What is expected: Set down, please, the line that contains "Zestaw Waterman pióro" and every line that follows it to the end of the records, exactly; do not include pictures.

Given entries:
[Start of Attachment]
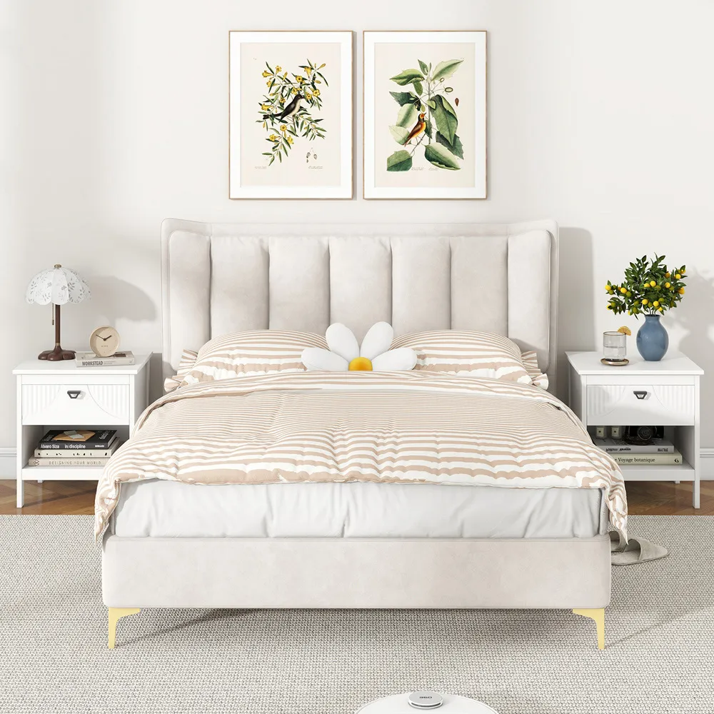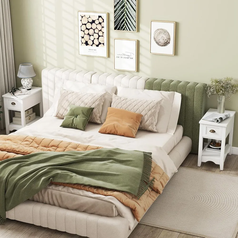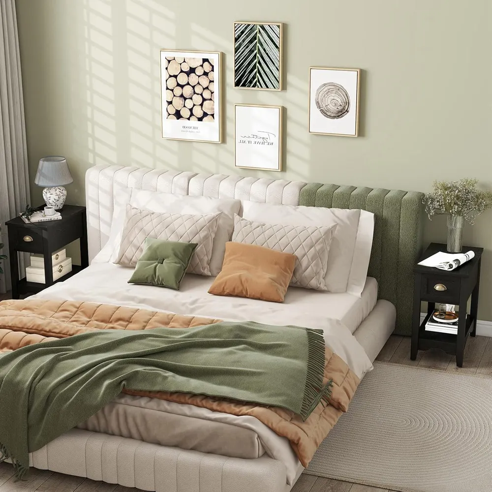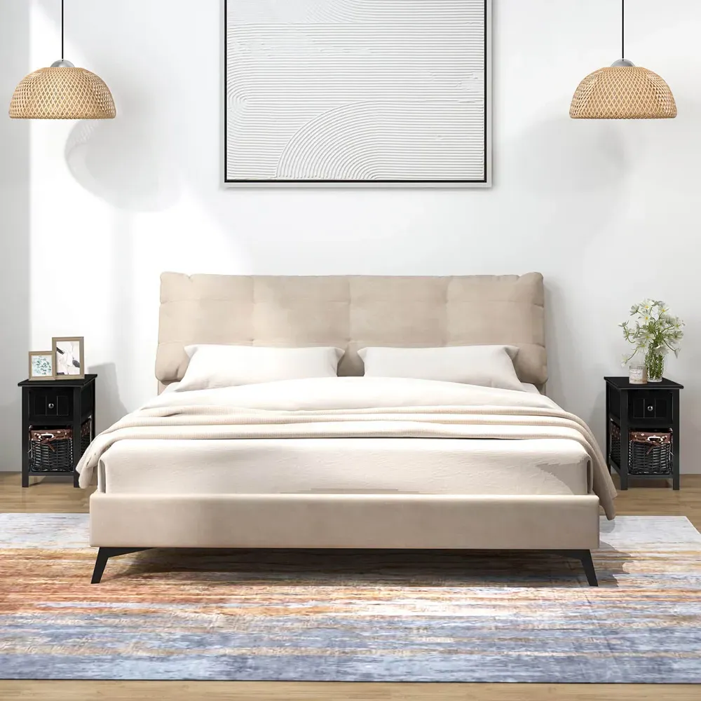 The nightstand offers compact storage with its two-tier design, featuring a top surface for essentials and a handy drawer for personal items. Its open shelf provides additional space for books or decorative items, while the robust structure with anti-slip foot pads ensures stability. The clean lines add functionality to small spaces, and the durable construction supports everyday use.
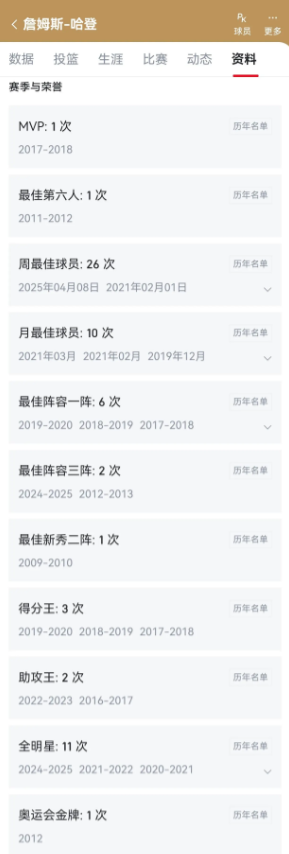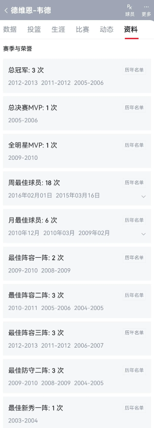 数据如下: 一是荣誉部分, MVP、周最佳、月最佳、一阵、得分王、助攻王,共6项,哈登完胜韦德。 总冠军、FMVP,全明星MVP、防守二阵、全明星次数、技巧赛冠军,也是6项,韦德完胜哈登。
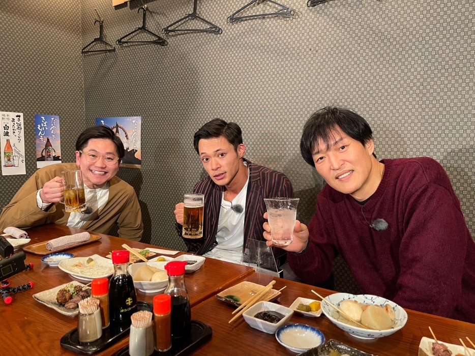 海が似合う男を決めるフィジーク大会が4日後に控えているというショーゴだが、尊敬するジュニアと飲めるということで気合をいれて仕上げてきたという。コンビ結成の話題になると、岡山県出身のたけるは「とりあえず有名になれればいいと思って、読モを目指していた」という当時の夢を披露。その後、夢を諦め芸人を目指してネット上で見つけた「相方募集掲示板」で現在の相方・ショーゴと出会ったという。特殊な出会いにジュニアたちも驚くが、実はその前に同じような出会いをして結成したコンビを聞くと一同大爆笑する。さらに、たけるの“つっこみ芸”の誕生秘話や、ジュニアとのエピソードで盛り上がる。
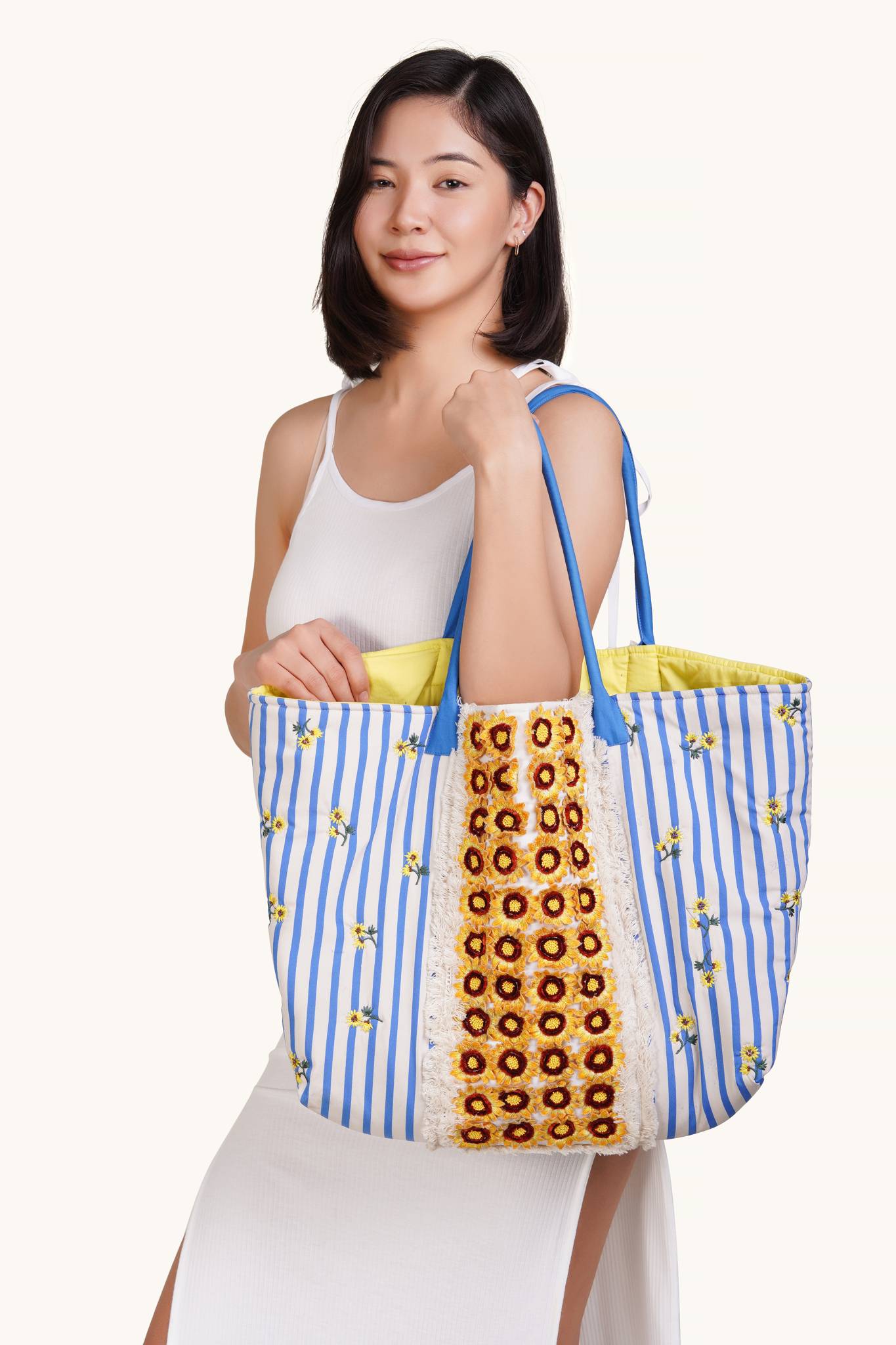 Quilted tote with floral embroidery motif in fun colours with persian blue stripe is a light-weight and easy to carry tote, a perfect selection for your getaways.
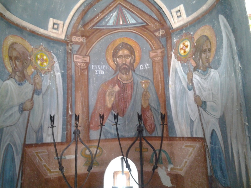Фреска на полукруглой стене алтаря, изображающая Иисуса Христа с ангелами по сторонам, благословляющего апостолов.
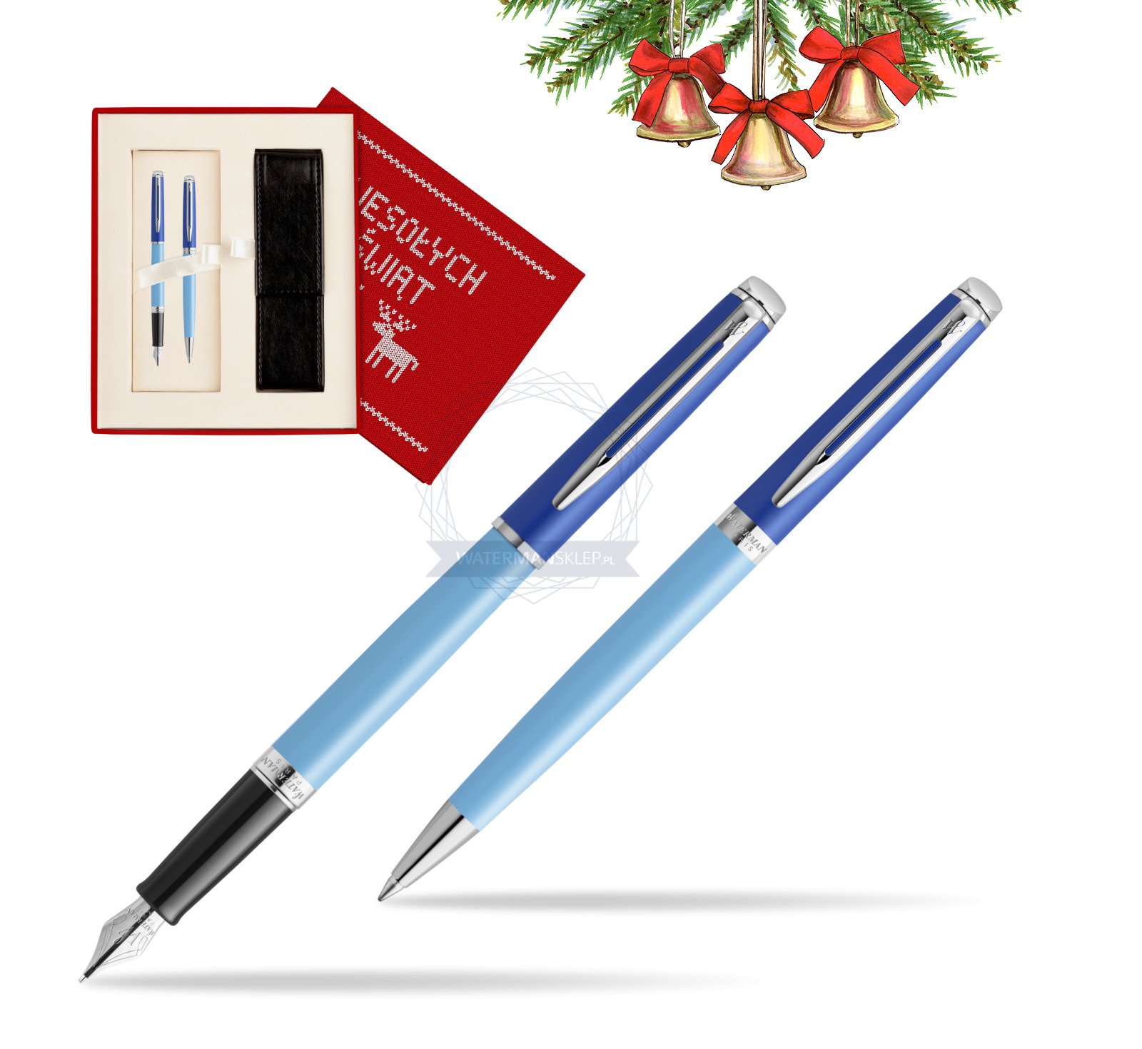 Zestaw Waterman pióro wieczne + długopis HÉMISPHÈRE COLOR-BLOCK BLUE w pudełku Wesołych Świąt czerwone (2179924_2179927_S0113S)
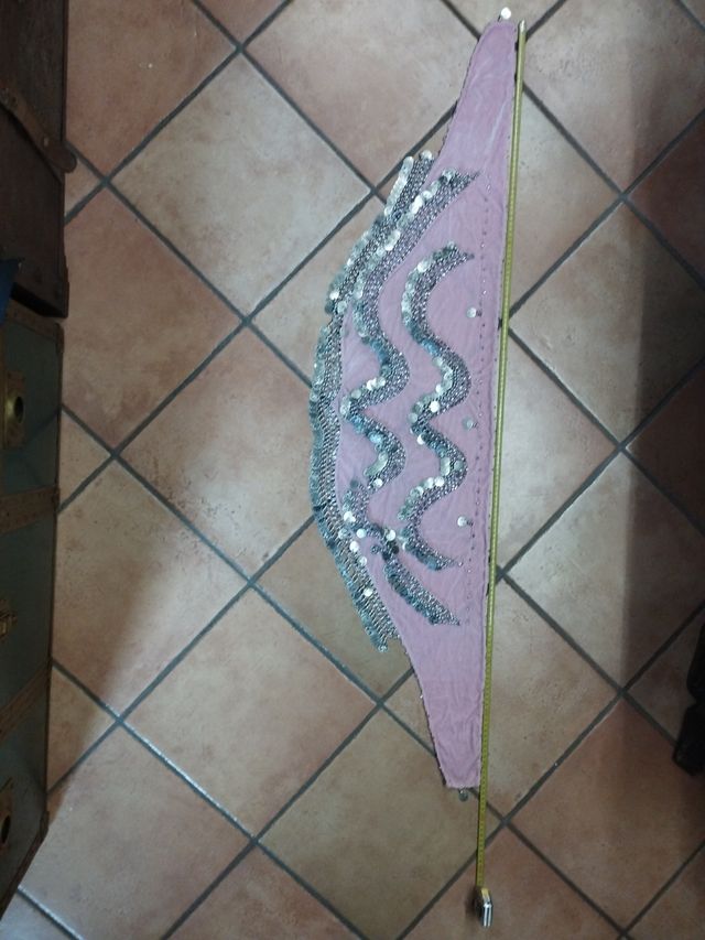 Dettagli del prodottoFusciacca e corpetto per danza orientale, in morbido velluto rosa , impreziosita da un ricamo ondulante di perline e monete argentate, misura in lunghezza 143 cm la cintura e 140 cm il corpetto
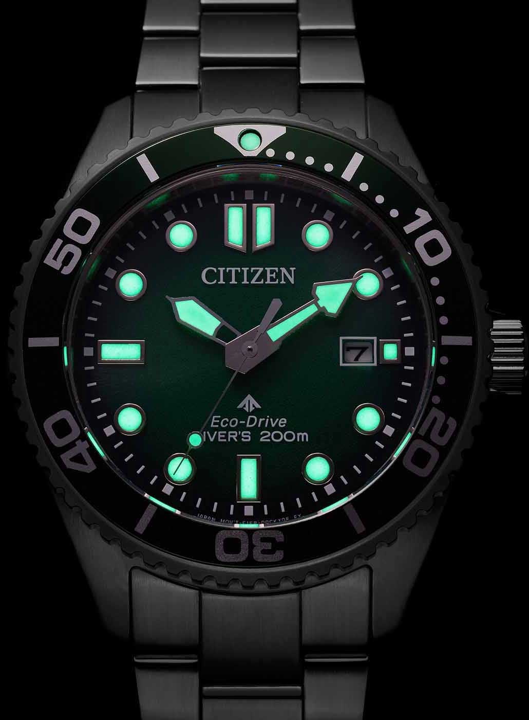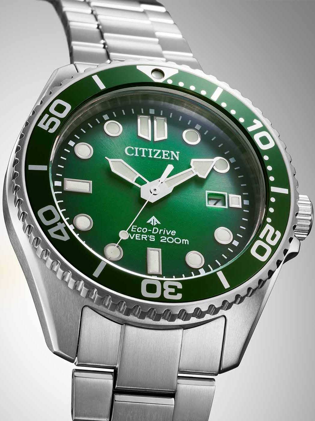 Promaster Diver. Сертифицированные часы для дайвинга (ISO). Система Eco-Drive, не требующая замены батарейки. Питание от солнечной энергии, запас энергии на 180 дней. Функция индикации заряда (EOL) и предотвращения перезарядки. Защищены от магнитных полей.
[End of Attachment]
Your solution:
 Zestaw Waterman pióro wieczne + długopis HÉMISPHÈRE COLOR-BLOCK BLUE w pudełku Wesołych Świąt czerwone (2179924_2179927_S0113S)
 Dettagli del prodottoFusciacca e corpetto per danza orientale, in morbido velluto rosa , impreziosita da un ricamo ondulante di perline e monete argentate, misura in lunghezza 143 cm la cintura e 140 cm il corpetto
 Promaster Diver. Сертифицированные часы для дайвинга (ISO). Система Eco-Drive, не требующая замены батарейки. Питание от солнечной энергии, запас энергии на 180 дней. Функция индикации заряда (EOL) и предотвращения перезарядки. Защищены от магнитных полей.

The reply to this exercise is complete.